Tuesday, March 20, 2012

Analyzing Big Data with Hive

Solutions to big data-centric problems involve relaxed schemas, column-family-centric
storage, distributed filesystems, replication, and sometimes eventual consistency. The focus of these solutions is managing large, spare, denormalized data volumes, which is typically over a few terabytes in size. Often, when you are working with these big data stores you have specific, predefined ways of analyzing and accessing the data. Therefore, ad-hoc querying and rich query expressions aren’t a high priority and usually are not a part of the currently available solutions. In addition, many of these big data solutions involve products that are rather new and still rapidly evolving. These products haven’t matured to a point where they have been tested across a wide range of use cases and are far from being feature-complete. That said, they are good at what they are designed to do: manage big data.

In contrast to the new emerging big data solutions, the world of RDBMS has a repertoire of robust and mature tools for administering and querying data. The most prominent and important of these is SQL. It’s a powerful and convenient way to query data: to slice, dice, aggregate, and relate data points within a set. Therefore, as ironic as it may sound, the biggest missing piece in NoSQL is something like SQL.

In wake of the need to have SQL-like syntax and semantics and the ease of higher level abstractions, Hive and Pig come to the rescue. Apache Hive is a data-warehousing infrastructure built on top of Hadoop, and Apache Pig is a higher-level language for analyzing large amounts of data.

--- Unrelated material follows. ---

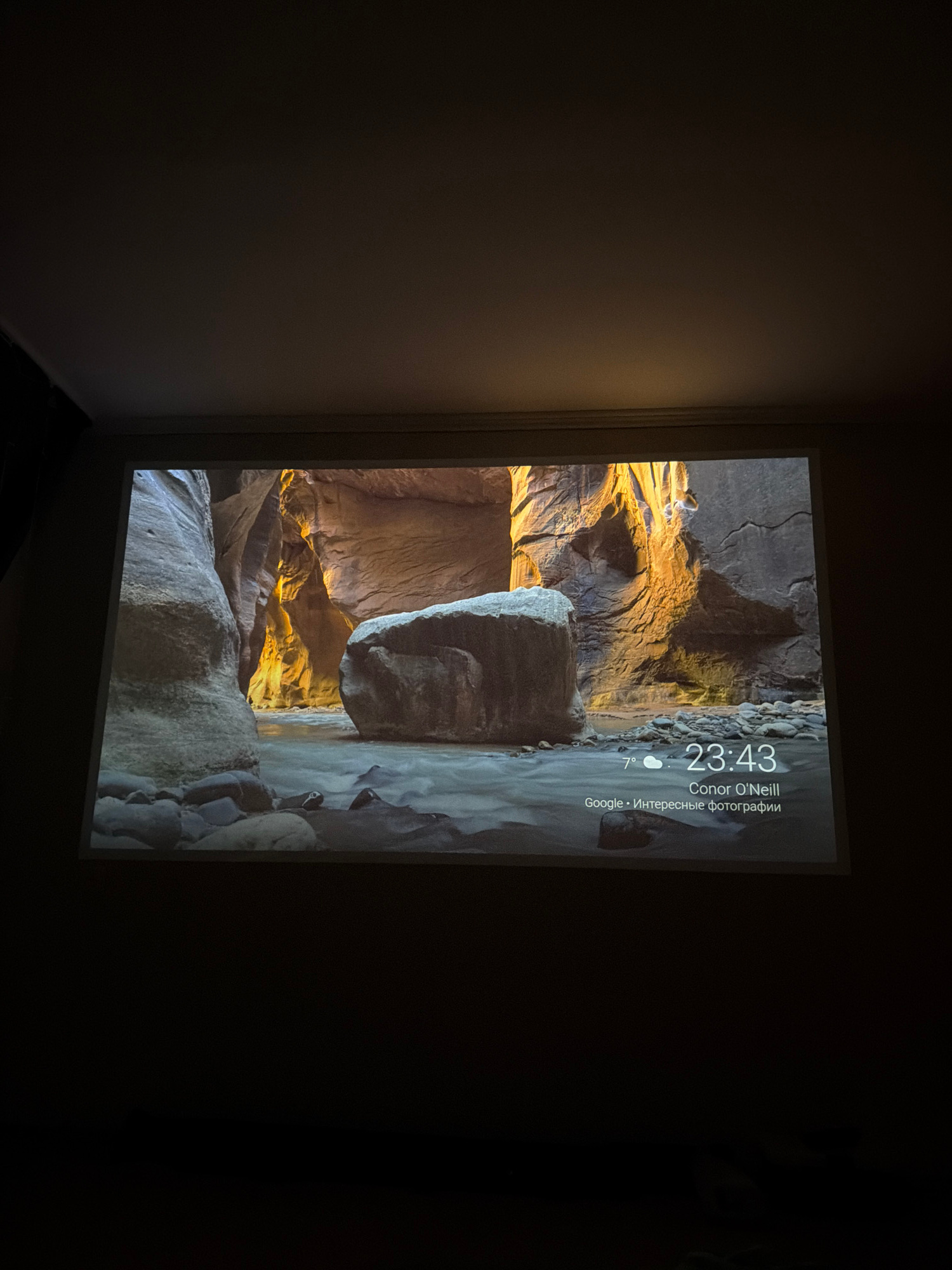 The image shows a large vertical screen displaying a landscape photograph. The photograph is a cave or gorge scene with light illuminating the rock formations. A waterfall-like feature is on the right…read more

Before you start learning Hive, you need to install and set it up. Hive leverages a working Hadoop installation so install Hadoop first, if you haven’t already. Hadoop can be downloaded from hadoop.apache.org (read Appendix A if you need help with installing Hadoop). Currently, Hive works well with Java 1.6 and Hadoop 0.20.2 so make sure to get the right versions for these pieces of software. Hive works without problems on Mac OS X and any of the Linux variants. You may be able to run Hive using Cygwin on Windows but I do not cover any of that in this chapter. If you are on Windows and do not have access to a Mac OS X or Linux environment, consider using a virtual machine with VMware Player to get introduced to Hive.